Durement affecté, le secteur hospitalier déterminé à se redresser

Des millions de dollars doivent être investis pour que les hôpitaux endommagés puissent reprendre une activité normale.

Durement affecté, le secteur hospitalier déterminé à se redresser

Un homme répare l'entrée de l'hôpital Saint Georges à Beyrouth. L'établissement a été lourdement endommagé par l'explosion du 4 août. REUTERS/Hannah McKay

Le secteur hospitalier agonisait depuis plusieurs mois déjà, la crise économique et financière couplée à la pandémie du Covid-19 l’ayant durement affecté et mis à rude épreuve. La double explosion criminelle du 4 août lui a asséné le coup de grâce. En quelques secondes, quatre grands hôpitaux de la capitale – le Centre médical universitaire-hôpital Saint-Georges, l’Hôpital libanais-Geitaoui, l’hôpital des Sœurs du Rosaire et l’hôpital gouvernemental de la Quarantaine – sont devenus hors service. Ces établissements, qui assuraient des soins à des milliers de patients, sont aujourd’hui dévastés.

« Le soir de l’explosion, nous avions des patients dans les sept étages de l’hôpital, se souvient le Dr Naji Abi Rached, directeur médical de l’Hôpital libanais-Geitaoui. Tous les étages ont été soufflés et les dix-sept ascenseurs endommagés. Les patients se trouvaient donc coincés. Nous avons dû réagir rapidement pour les évacuer, ce que nous avons fait en les portant dans nos bras et sur nos épaules. Les équipes, médicale et infirmière, ont participé à cette opération. Les tâches ont été réparties de manière spontanée. »

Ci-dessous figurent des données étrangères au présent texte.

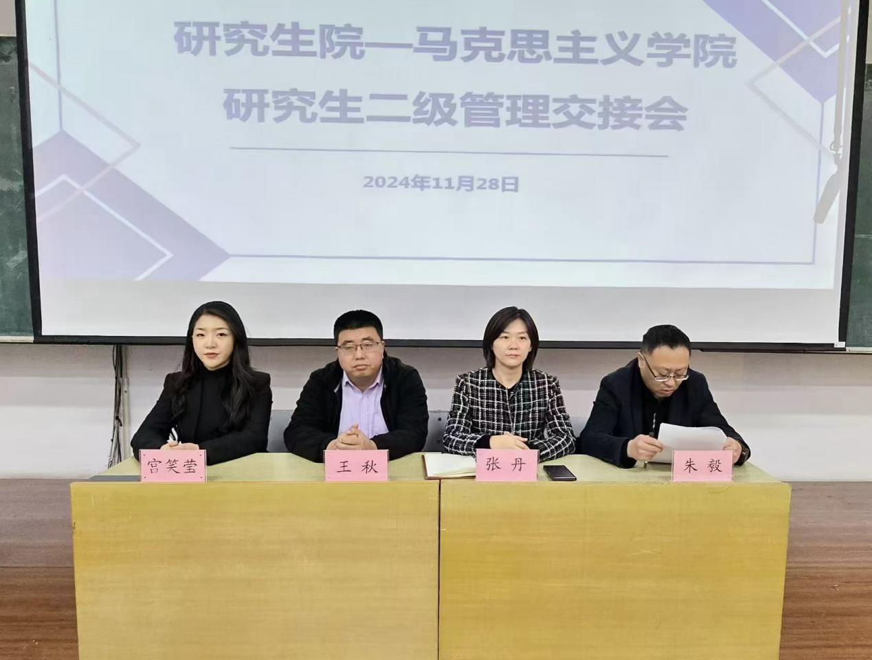 为深入贯彻落实《XPJ官方网站高质量发展行动方案》确定的“研究生分类培养和分级管理”重点任务,扎实推进研究生二级管理工作平稳有序开展,明确相关工作的具体任务和责任分工,11月28日下午,XPJ官方网站与研究生院召开XPJ官方网站——研究生院研究生二级管理工作交接会。XPJ官方网站党总支书记张丹、XPJ官方网站院长王秋、研究生院党委副书记朱毅、研究生院团委书记宫笑莹及XPJ官方网站全体学生参加会议。

Le Dr Abi Rached explique que « dans le cadre du plan blanc, mis en place à l’hôpital pour répondre aux urgences et catastrophes, les patients ont été évacués vers les étages protégés de l’établissement ». « Les patients de l’unité de Covid-19 ont été sécurisés sur place, puis transférés le soir même, avec l’assistance de la Croix-Rouge libanaise et de l’armée, vers des centres d’accueil, poursuit-il. Ils étaient quinze et nous avons pu les faire admettre à l’hôpital universitaire Rafic Hariri à Beyrouth, à l’hôpital Notre-Dame des Secours de Jbeil et au Centre médical de l’Université américaine de Beyrouth. »

Parallèlement, « nous avons été submergés par le flot de patients qui se sont présentés aux urgences. Nous avons reçu 204 blessés et les corps de douze victimes ».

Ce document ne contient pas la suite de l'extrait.